Она коснулась руки Гана и заглянула ему в глаза.
– Она бы умерла, если бы вы ее не подобрали. – Она сжала его пальцы. – Вы спасли жизнь этой маленькой девочке.
Ган, уставившись в землю, коротко кивнул. И снова к горлу подступил все тот же странный комок.
– Спасибо вам за все, Мирабель.
Она, похоже, почувствовала его состояние, потому что ободряюще похлопала его по руке, молча развернулась и ушла.
Несмотря на черное как смоль небо, сонные улицы освещала луна, которая словно заряжала своей энергией высыпавшие следом звезды.

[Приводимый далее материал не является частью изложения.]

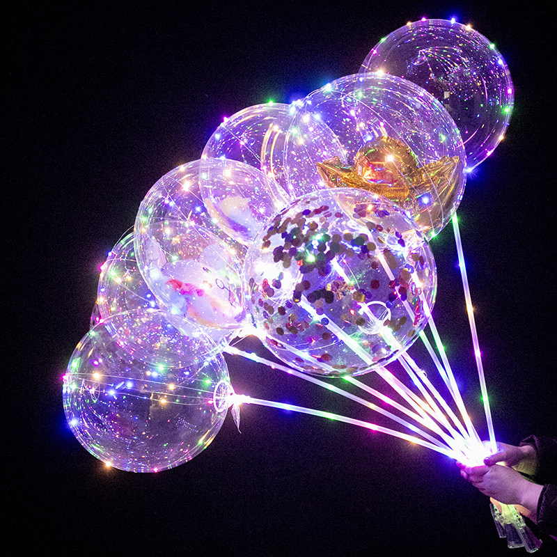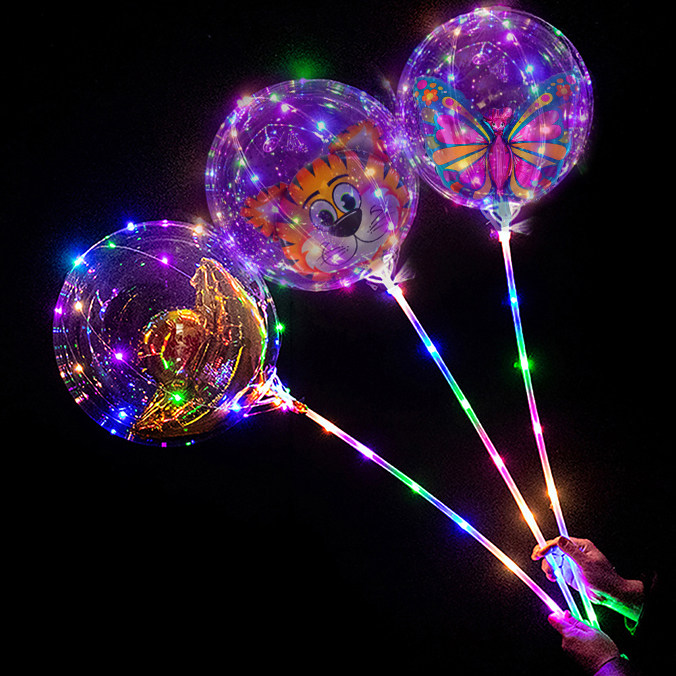 Push hot selling luminous net red ball Rose bouquet belt light explosion transparent street night Market cartoon balloon
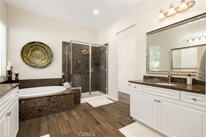 Desert Elegance Meets Modern Comfort in Sun City Shadow Hills Experience refined desert living in this meticulously maintained 2-bedroom with den/office, 2.5-bath, RETREAT floor plan home, ideally located within the vibrant 55+ active adult community of Sun City Shadow Hills. With 1,950 sq ft of thoughtfully designed space, this residence blends upscale design, practical functionality, and a relaxed resort-style lifestyle. Step inside to discover porcelain plank wood-look tile flooring throughout the main living areas, adding warmth and durability, complemented by high-end plush carpeting in both the primary and guest suites for added comfort. The home’s layout offers a spacious primary suite and guest room with en suite bath, a generously sized flex den or office (potential third bedroom), and a conveniently located powder room for guests. Unique design details include a designer sculpted pattern inset in the living room and ample storage throughout, including a well-appointed laundry room. The gourmet kitchen is a chef’s dream, featuring a KitchenAid stainless steel appliance package, solid hardwood cabinet doors, a custom oversized island with dramatic granite countertops, and a bespoke sidebar cabinet with stone surface, ideal for entertaining or as a stylish bar setup. Soft-close drawers and doors complete this elevated culinary space. Outdoors, enjoy the covered back patio with a built-in mister system, perfect for warm summer days. The spacious north facing back yard is private and low maintenance The 2-car + golf cart garage is equally impressive, boasting insulated doors, overhead storage, and a mini-split A/C system ideal for year-round comfort whether you’re working on projects or storing gear. This exceptional home combines quality upgrades with the comfort and convenience that make desert living truly extraordinary.

Сегодня спать некогда – всю ночь Ган будет ехать в Кукини в надежде, что груз все еще ждет его, а отдохнет уже завтра во время дневной жары.
В повозке Нили с присвистом храпел под грудой одеял. Переход от изнурительного зноя к жестокому холоду был здесь таким же резким, как между светом и тьмой. А Ган приходил в оцепенение и от первого, и от второго.
Услышав его шаги, Нили проснулся и протер глаза.
– Как девочка?
– Хорошо. – И снова этот зудящий комок в горле.
Ган протянул ему корзинку с едой.
– Слава богу! – Нили схватил корзинку. – Я чертовски проголодался. – Он немного помолчал и спросил: – Хочешь, чтобы я правил верблюдами?
– Нет, мне спать не хочется. Отдохни до утра.
Нили с грудой одеял скрылся под тентом. Ган присвистнул и хлестнул верблюдов. Они сдвинулись с места, а в ушах его снова прозвучал голос Мирабель: «Вы спасли жизнь этой маленькой девочке». Он позволил этим словам многократным эхом повториться в сознании. Что-то проснулось внутри него. Вы спасли жизнь этой маленькой девочке… На губах его появилось подобие улыбки, поникшие плечи расправились, в теле радостно пульсировала жизнь. Повозка как раз проезжала мимо меблированных комнат. В комнате девочки горела лампа. Вы спасли жизнь этой маленькой девочке… Что-то в его душе, давно разрушенное и глубоко спрятанное, вдруг всплыло из тьмы и замерцало в отблесках этого света.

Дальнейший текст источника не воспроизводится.